Why it matters and how it links to integration plans
For a grad student interested in computational neuroscience, BrainLM is a blueprint for building large, reusable models of brain activity.
It provides a ready-made encoder that can plug into multimodal integration pipelines—consistent with the integration baseline plan’s idea of learning strong, modality-specific representations before fusion.
The work signals a general trend: foundation models are moving into neuroimaging, opening paths to richer multimodal systems that combine brain signals with genetic, behavioral, and clinical data.

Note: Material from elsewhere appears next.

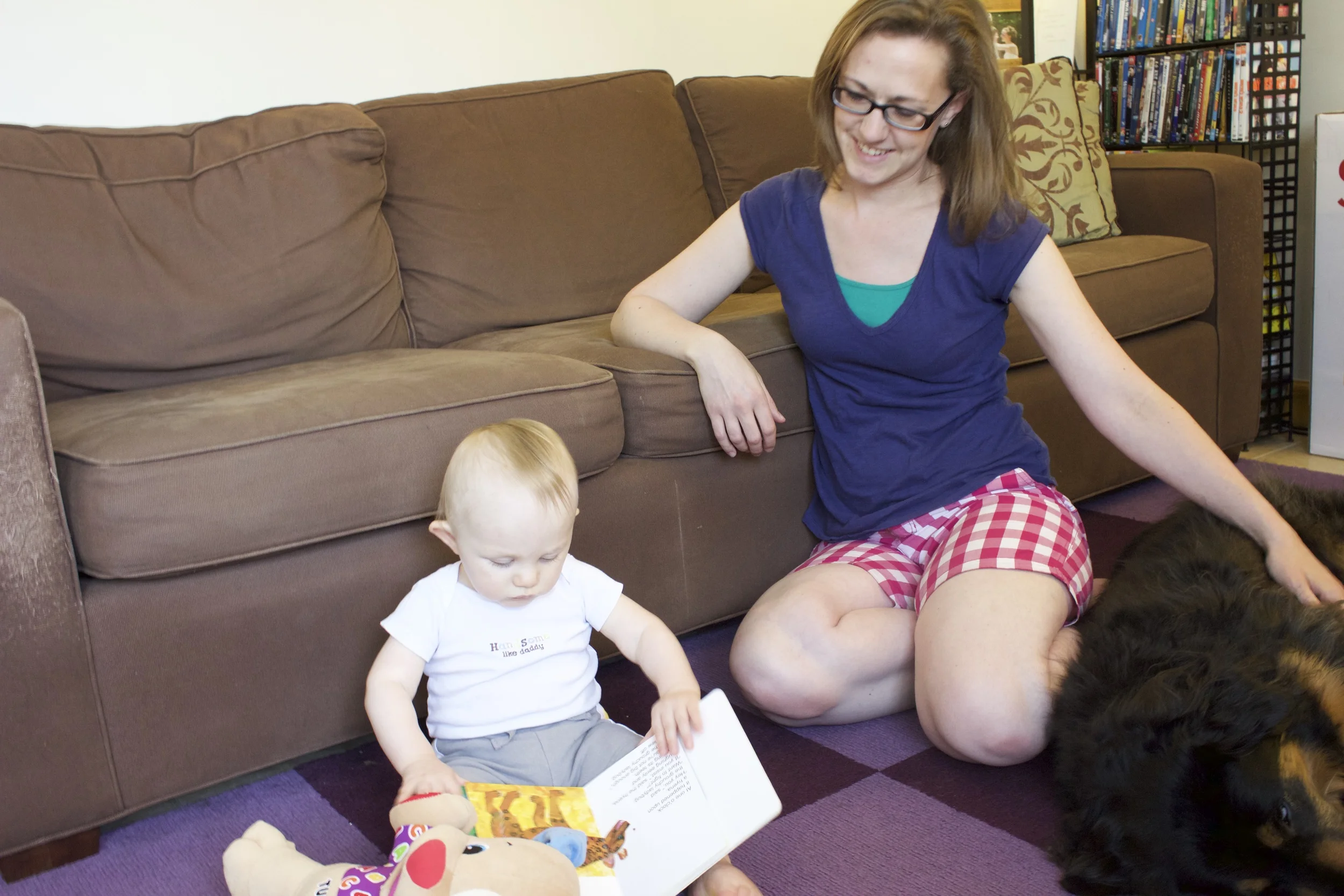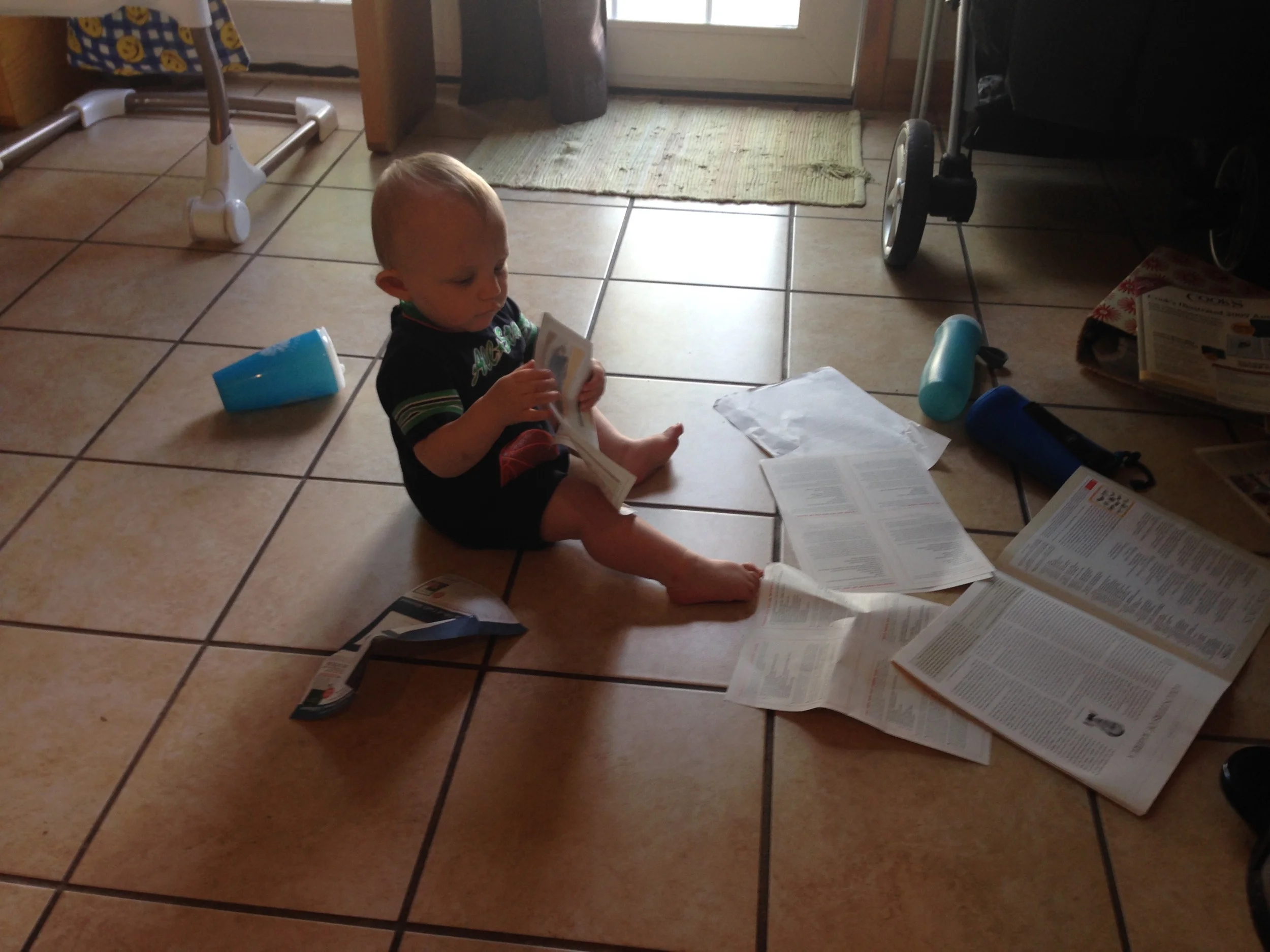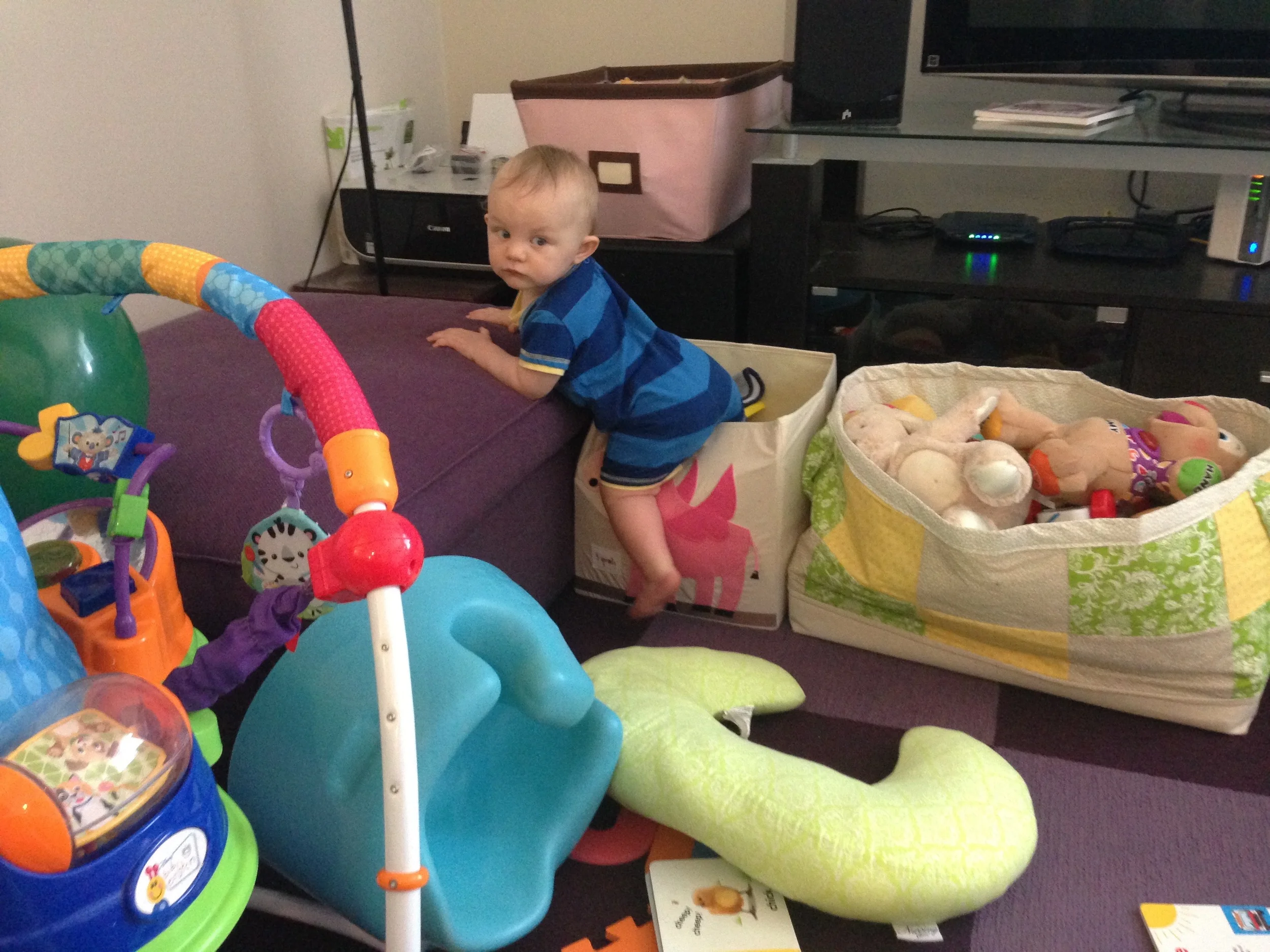 Such a mean mom... he pulls up to stand at the couch and I make him walk back and forth to get his book. But he's *walking* holding onto the couch. How crazy?!?

10. Key Takeaways (Bullet Summary)¶

Problem
There is a need for a single, scalable model that can learn from massive fMRI repositories and support many downstream neuroscience and clinical tasks.
Traditional task-specific models struggle with generalization, data scale, and transfer across cohorts.
Method / model
BrainLM is a transformer-based masked autoencoder that treats fMRI parcel×time windows as a 2D grid of tokens.
It uses spatiotemporal masking and reconstruction to learn representations from 6,700 hours of fMRI without task labels.
The architecture includes 4-layer encoder and 2-layer decoder transformers, with learned spatial and temporal embeddings and a summary CLS token.
Multiple model sizes (13M–650M parameters) are trained, showing improved performance with scale.
Results
BrainLM shows strong reconstruction and generalization performance on both UKB and HCP datasets.
It outperforms baselines (SVR, MLP, LSTM, GCN, Neural ODE, non-pretrained Transformer) in clinical variable prediction and future brain state forecasting.
Attention-based analyses reveal meaningful functional networks and clinical differences, and attention-derived features outperform other representations in classifying parcels into known networks.
Why it matters
BrainLM establishes a foundation model paradigm for fMRI, demonstrating that large, self-supervised models can unify diverse tasks in brain dynamics modeling.
It provides a flexible, interpretable, and extensible backbone that future work can extend to multimodal settings and more ambitious clinical and neuroscientific applications.